A word-for-word copy of the entries, with images excluded, is the expected answer.

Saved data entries

******

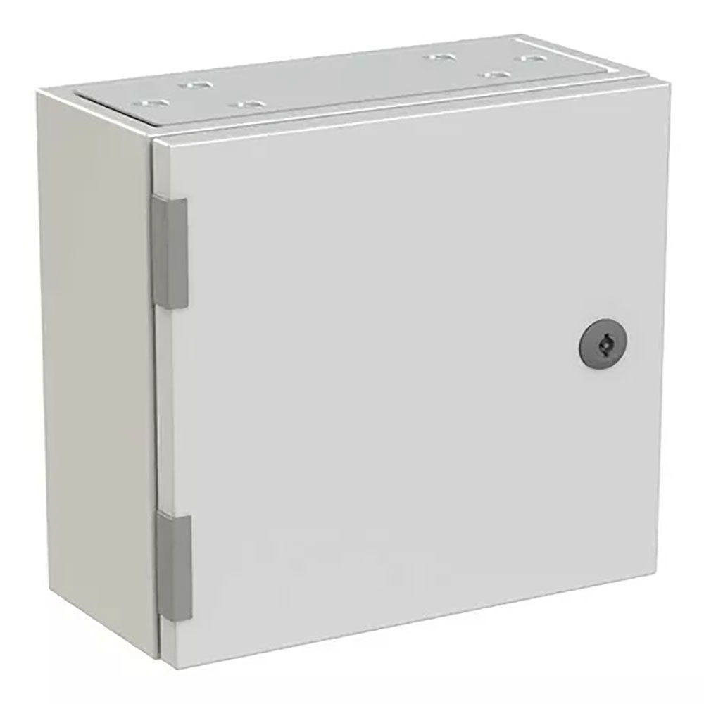 Gabinete vacío con puerta ciega, platina de montaje y tapas pasacables superior e inferior
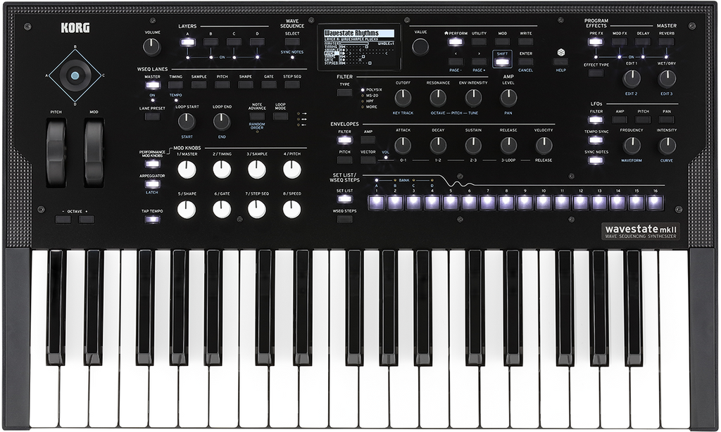 Korg’s original wavestate synth earned praise for expanding on the classic 1990 Wavestation with advanced real-time sample manipulation and synthesis features. The wavestate MKII pushes creative boundaries further by blending subtractive synthesis, groove boxes, drum machines, and algorithmic composition. It lets you save presets as Set Lists for quick access and features Smooth Sound Transitions to keep notes ringing after switching patches. Improvements include increased polyphony from 64 to 96 voices, 15 new performances, 43 additional presets, and extensive updates to hundreds of existing sounds.
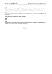 Drucksache 4/ 1822 Thüringer Landtag - 4. Wahlperiode Zu 2.: Die Landesregierung verurteilt die Pläne zur Errichtung dieses so genannten "Ehrenmals", da es in diesem Falle nicht um die Erinnerung geht, sondern um politische Instrumentalisierung durch Extremisten. Zu 3.: Im Rahmen geltenden Rechts steht es jedem frei, nach Belieben über die Nutzung seines Eigentums zu bestimmen. Im Übrigen wird auf die Antwort zu Frage 5 verwiesen. Zu 4.: nein Zu 5.: Die Landesregierung erwartet von den zuständigen Behörden, dass sie alle rechtlichen Möglichkeiten aus- schöpfen, um die Errichtung des Ehrenmals zu verhindern. Dr. Gasser Minister 2
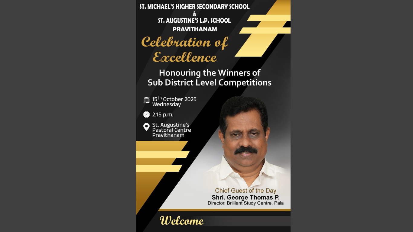 പ്രവിത്താനം: പാലാ ഉപജില്ല ശാസ്ത്ര, ഗണിതശാസ്ത്ര, സാമൂഹ്യശാസ്ത്ര, പ്രവർത്തിപരിചയ, ഐ.ടി. മേളകളിലും, പാലാ ഉപജില്ല സ്പോർട്സ് മീറ്റിലും മികച്ച വിജയം നേടിയ സെൻറ് അഗസ്റ്റിൻസ് എൽ.പി.എസ്., സെൻറ് മൈക്കിൾസ് എച്ച്.എസ്.എസ്. സ്കൂളുകളിലെ പ്രതിഭകളെ ആദരിക്കുന്ന ചടങ്ങ് ഒക്ടോബർ 15 ബുധനാഴ്ച 2.15 പി. എം. ന് സെൻറ് അഗസ്റ്റിൻസ് പാസ്റ്ററൽ സെന്ററിൽ വച്ച് നടക്കുന്നു.
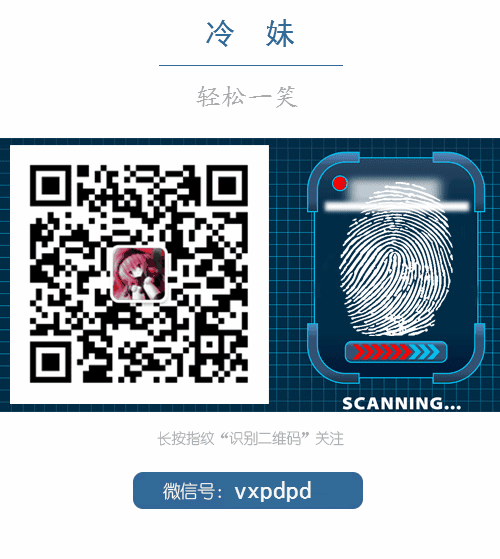 冷妹,热心肠,冷幽默,有内涵。每天一个冷笑话,从此让你喜欢我! 微信号:vxpdpd
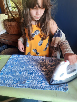 Then it was time to go up to my office (which is also Meema's work room.) I did some stuff while Meema did some ironing. She had four shirts and some napkins to iron. I helped with the napkins and with the shirts too. Shirts are hard. I don't have any clothes that that have to be ironed. My clothes are all nice and soft.
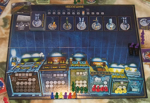 На неделе мы также сыграли в Бутлегеров — первый раз на столе появился мой экземпляр игры, приобретённый в прошлом году за $15. Играли полным составом, вшестером. Некоторые игроки раньше этой настолки не видели, но быстро усвоили правила, благо в Botleggers ничего сложного нет, игровой процесс интуитивно понятен: производим водку, грузим её в автомобили и везём в бары. Плюс кто "держит" бар, тот и собирает с него дополнительный доход.
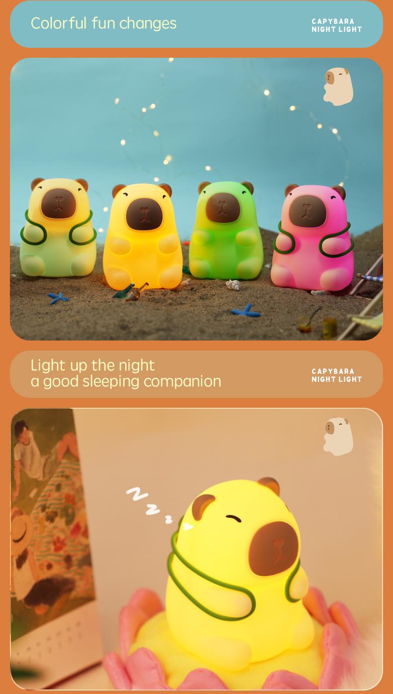 Luz Nocturna de Capibara Carga USB Atenuación de Tres Velocidades Luz de Palmadita de Silicona Dibujos Animados para Niños Luz Nocturna Colorida con Voz
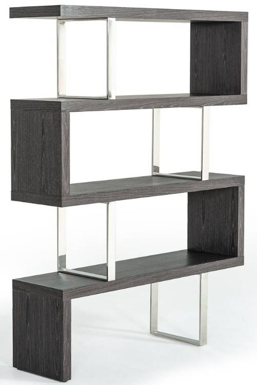 A great storage solution, the Modrest maze modern grey elm bookcase features a 3-level open shelf in lustrous grey elm veneer that creates modern lines. Durable stainless steel supports hold the shelves in their perfectly 'off-balance' positions.Read More
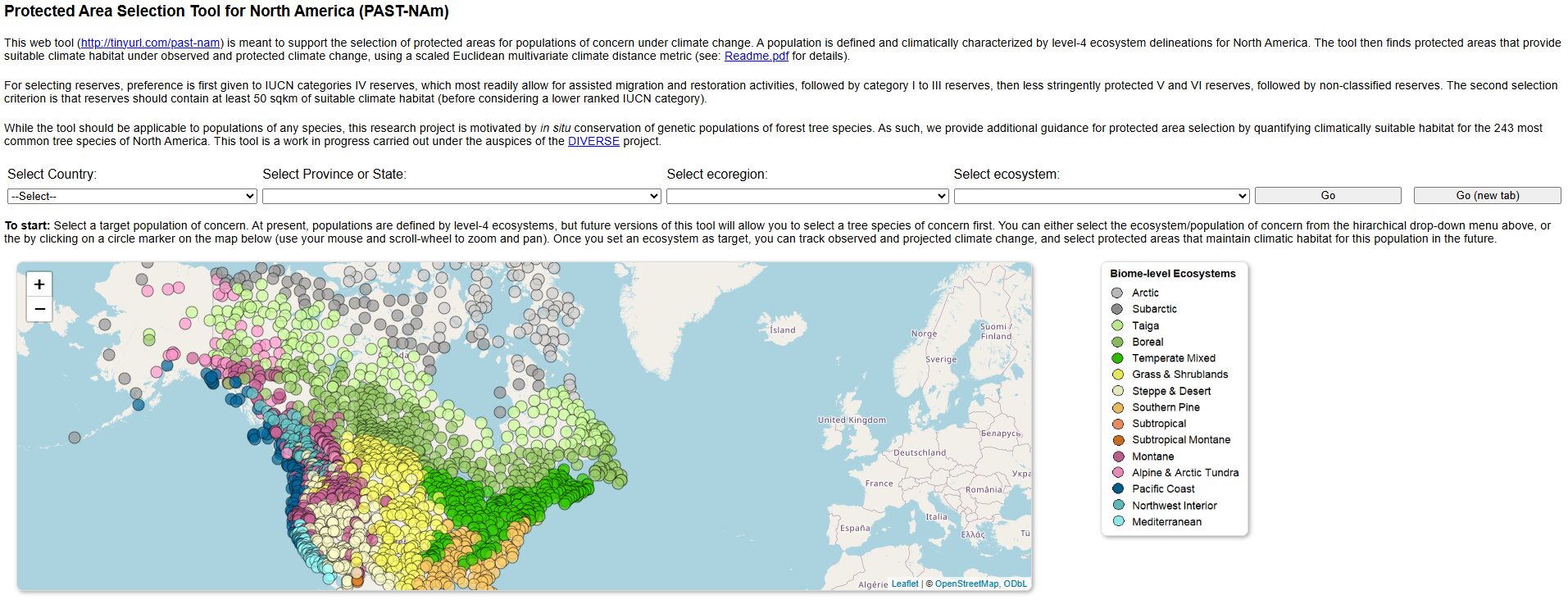 This web tool is meant to support the selection of protected areas for populations of concern under climate change. A population is defined and climatically characterized by level-4 ecosystem delineations for North America. The tool then finds protected areas that provide suitable climate habitat under observed and protected climate change, using a scaled Euclidean multivariate climate distance metric (see: Readme.pdf for details).
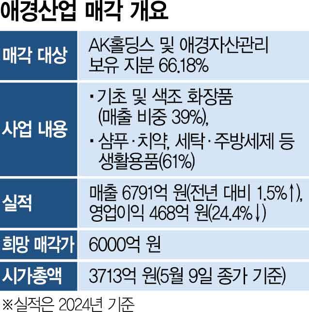 이번 매각 대상은 AK홀딩스와 애경자산관리가 보유한 애경산업 지분 66.18%다. 회사가 원하는 매각 가격은 6000억 원이다. 100% 기준 회사의 가치를 약 1조 원으로 평가했다는 얘기다. 그러나 상장사인 애경산업의 지난 9일 종가 기준 시가총액이 3713억 원에 불과해 원매자의 희망 인수가격과 격차가 클 것이라는 전망이 나온다.

******

* SOLUTION BELOW:
 Gabinete vacío con puerta ciega, platina de montaje y tapas pasacables superior e inferior
 Korg’s original wavestate synth earned praise for expanding on the classic 1990 Wavestation with advanced real-time sample manipulation and synthesis features. The wavestate MKII pushes creative boundaries further by blending subtractive synthesis, groove boxes, drum machines, and algorithmic composition. It lets you save presets as Set Lists for quick access and features Smooth Sound Transitions to keep notes ringing after switching patches. Improvements include increased polyphony from 64 to 96 voices, 15 new performances, 43 additional presets, and extensive updates to hundreds of existing sounds.
 Drucksache 4/ 1822 Thüringer Landtag - 4. Wahlperiode Zu 2.: Die Landesregierung verurteilt die Pläne zur Errichtung dieses so genannten "Ehrenmals", da es in diesem Falle nicht um die Erinnerung geht, sondern um politische Instrumentalisierung durch Extremisten. Zu 3.: Im Rahmen geltenden Rechts steht es jedem frei, nach Belieben über die Nutzung seines Eigentums zu bestimmen. Im Übrigen wird auf die Antwort zu Frage 5 verwiesen. Zu 4.: nein Zu 5.: Die Landesregierung erwartet von den zuständigen Behörden, dass sie alle rechtlichen Möglichkeiten aus- schöpfen, um die Errichtung des Ehrenmals zu verhindern. Dr. Gasser Minister 2
 പ്രവിത്താനം: പാലാ ഉപജില്ല ശാസ്ത്ര, ഗണിതശാസ്ത്ര, സാമൂഹ്യശാസ്ത്ര, പ്രവർത്തിപരിചയ, ഐ.ടി. മേളകളിലും, പാലാ ഉപജില്ല സ്പോർട്സ് മീറ്റിലും മികച്ച വിജയം നേടിയ സെൻറ് അഗസ്റ്റിൻസ് എൽ.പി.എസ്., സെൻറ് മൈക്കിൾസ് എച്ച്.എസ്.എസ്. സ്കൂളുകളിലെ പ്രതിഭകളെ ആദരിക്കുന്ന ചടങ്ങ് ഒക്ടോബർ 15 ബുധനാഴ്ച 2.15 പി. എം. ന് സെൻറ് അഗസ്റ്റിൻസ് പാസ്റ്ററൽ സെന്ററിൽ വച്ച് നടക്കുന്നു.
 冷妹,热心肠,冷幽默,有内涵。每天一个冷笑话,从此让你喜欢我! 微信号:vxpdpd
 Then it was time to go up to my office (which is also Meema's work room.) I did some stuff while Meema did some ironing. She had four shirts and some napkins to iron. I helped with the napkins and with the shirts too. Shirts are hard. I don't have any clothes that that have to be ironed. My clothes are all nice and soft.
 На неделе мы также сыграли в Бутлегеров — первый раз на столе появился мой экземпляр игры, приобретённый в прошлом году за $15. Играли полным составом, вшестером. Некоторые игроки раньше этой настолки не видели, но быстро усвоили правила, благо в Botleggers ничего сложного нет, игровой процесс интуитивно понятен: производим водку, грузим её в автомобили и везём в бары. Плюс кто "держит" бар, тот и собирает с него дополнительный доход.
 Luz Nocturna de Capibara Carga USB Atenuación de Tres Velocidades Luz de Palmadita de Silicona Dibujos Animados para Niños Luz Nocturna Colorida con Voz
 A great storage solution, the Modrest maze modern grey elm bookcase features a 3-level open shelf in lustrous grey elm veneer that creates modern lines. Durable stainless steel supports hold the shelves in their perfectly 'off-balance' positions.Read More
 This web tool is meant to support the selection of protected areas for populations of concern under climate change. A population is defined and climatically characterized by level-4 ecosystem delineations for North America. The tool then finds protected areas that provide suitable climate habitat under observed and protected climate change, using a scaled Euclidean multivariate climate distance metric (see: Readme.pdf for details).
 이번 매각 대상은 AK홀딩스와 애경자산관리가 보유한 애경산업 지분 66.18%다. 회사가 원하는 매각 가격은 6000억 원이다. 100% 기준 회사의 가치를 약 1조 원으로 평가했다는 얘기다. 그러나 상장사인 애경산업의 지난 9일 종가 기준 시가총액이 3713억 원에 불과해 원매자의 희망 인수가격과 격차가 클 것이라는 전망이 나온다.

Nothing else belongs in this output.